Phoenix Rising Founder
I think the survey was interesting; post-exertional malaise (despite the CDC's attempt to bury it) was right on top followed by sleep problems and muscle pain. I was a bit surprised by muscle pain - its not, I don't believe, one of the CDC's core symptoms in the 1994 definition -but its definitely one of my top symptoms and always has been.

Interestingly post exertional problems decreased a bit over time; not a huge amount - they were still way up there - but they weren't the top. I think that can only be due to people slowly learning how to manage their illness.

The survey could have been more comprehensive; nothing on problems standing, increased heart rate, heat intolerance, chemical sensitivities, libido...???? but it was interesting.

http://www.cfids.org/cfidslink/2009/090202.asp

Unfortunately I couldn't get the graphs in there - they were quite good. The average duration of this illness for people over 55 was 20 years!
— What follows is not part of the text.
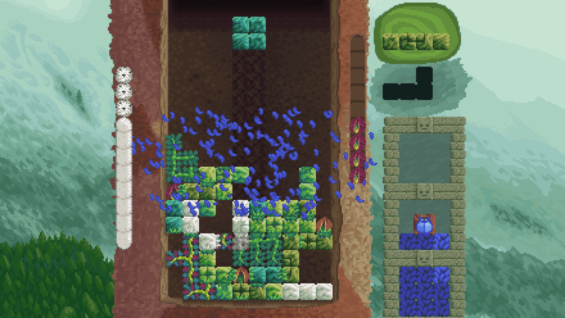 A fresh twist on the familiar block stacking formula where every piece sticks immediately on contact! Master the challenge of arranging tetrominos and strategically growing vines to fill gaps as the pace grows increasingly frantic in this sticky, nature-themed puzzler.

Survey respondents checked the symptoms they experienced. I have analyzed these symptoms by age groups and graphed them by the most common symptom to the least common symptom. The most common symptoms for all age groups are post-exertion fatigue, unrefreshing sleep, muscle pain and concentration problems. The next most common symptoms for all age groups are headache, joint pain, sinus problems, eyes sensitive to light, depression and other sleep problems. Interestingly, some of the symptoms that are less common also seem to vary more by age group. For example, pelvic pain is more common in the under-25 year age group while urgent need to urinate is more common in the older age groups.

The same four symptoms that were most common – post-exertion fatigue, concentration problems, muscle pain and unrefreshing sleep – were also reported to be the most severe for all age groups. The severity of unrefreshing sleep decreased slightly in the older age groups. Also, the less common symptoms were reported as more severe in the older age groups. This may be an indication of conditions that evolve and co-occur with CFS as individuals age and remain ill.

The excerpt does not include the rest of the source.